Lawyers retained by the telecom giant that bears his family name, along with his mother and sisters, have repeatedly insisted Mr. Rogers acted beyond his authority late last week when he used his position as chair of the Rogers Control Trust to replace five independent Rogers Communications Inc. (RCI) directors with a written resolution. 

Despite that opposition, Mr. Rogers was still "very confident" in his position as of Monday afternoon, according to a source close to the 52-year-old billionaire, speaking on condition of anonymity. "We are simply seeking a straightforward application of the law."

In a release Sunday night, the board that Mr. Rogers is leading said he intends to ask the British Columbia Supreme Court to validate the legality of his move. While no official filing has been submitted to the court, the source said an application will be made before the end of this week.

Edward, the only son of company founder Ted Rogers, held a meeting on Sunday evening with his hand-picked replacement directors, who voted to reinstall him as chair of RCI less than one week after the incumbent board voted to strip him of that position, according to a statement issued after the meeting.

The Rogers Control Trust holds 97.5 per cent of voting shares in the company; and, as chair, Mr. Rogers is empowered to support - or remove - members of the corporate board at his discretion. However, the company itself as well as several other Rogers family members including Loretta Rogers - Edward's mother and widow of the late Ted Rogers - argue such significant changes can only be made through a shareholder meeting and not through a simple written resolution.

"The concept of a single shareholder being able to replace all the independent directors of one of the largest public companies in the country with the stroke of a pen one afternoon is unconscionable," said Walied Soliman, chair of Norton Rose Fulbright in Canada and the lawyer representing Melinda Rogers-Hixon (one of Mr. Rogers' sisters), in an interview Monday.
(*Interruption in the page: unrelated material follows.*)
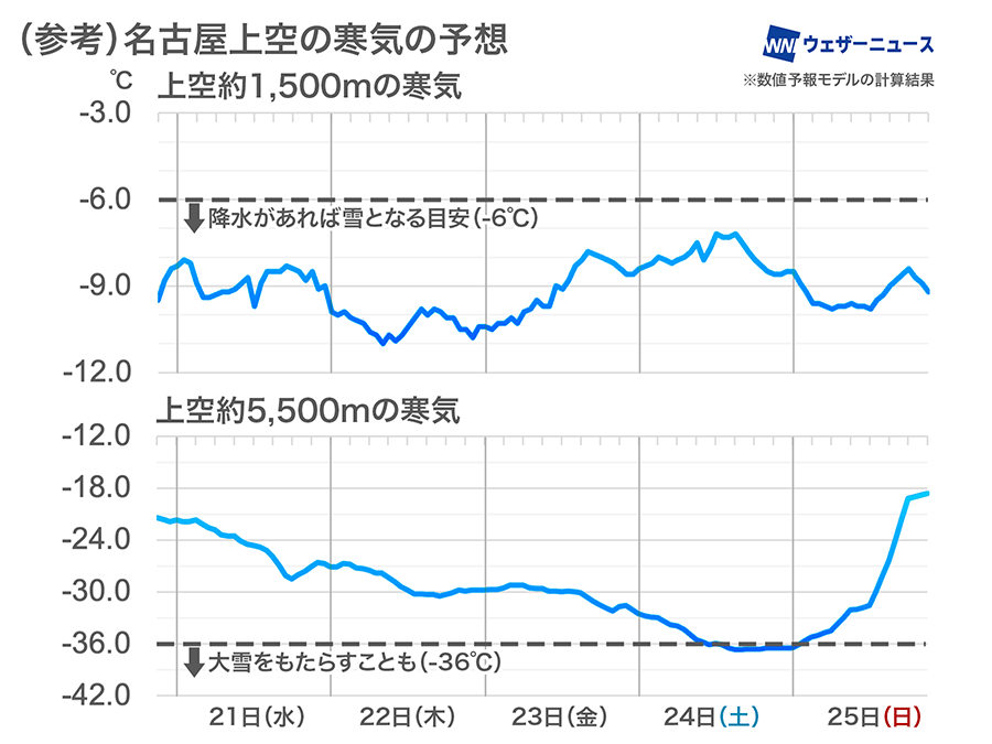 また、さらに高い上空約5,500mの寒気の予想をみると、北日本では今日21日(水)〜明後日22日(木)に、東日本や西日本では24日(土)〜25日(日)頃にピークを迎えることが予想されています。大気の状態が不安定となるため、このタイミングでも強い雪に警戒が必要です。
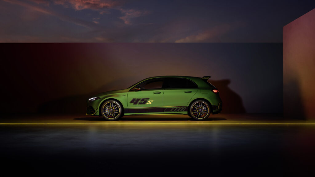 A pintura exclusiva “AMG green hell magno” é o destaque. Esta cor não estava disponível anteriormente para a classe compacta. Há também o revestimento com o logotipo AMG e uma grande inscrição “A 45 S” nas portas e o brasão AMG no capô. A “Edição Limitada” conta com rodas forjadas AMG de 19 polegadas em preto fosco com desenho de sete raios duplos, reservadas para a Edição. O amarelo como cor contrastante acentua os raios do aro. Para combinar com a cor das rodas, as pinças do sistema de freios de alto desempenho AMG são coloridas em preto brilhante e possuem logotipos AMG em branco. Os detalhes refinados incluem a tampa de combustível exclusiva com o logotipo AMG e o projetor de luz: ele ilumina a estrada com o brasão AMG quando você entra e sai do veículo.

Two analysts who had previously rated RCI’s stock the equivalent of a buy cut their ratings to a hold and reduced their price targets on Monday, citing the ongoing family infighting as a rationale. RBC analyst Drew McReynolds said "collateral damage now seems inevitable," while Canaccord Genuity analyst Aravinda Galappatthige told clients "the impression of two alternative boards claiming legitimacy is likely to be particularly concerning for investors."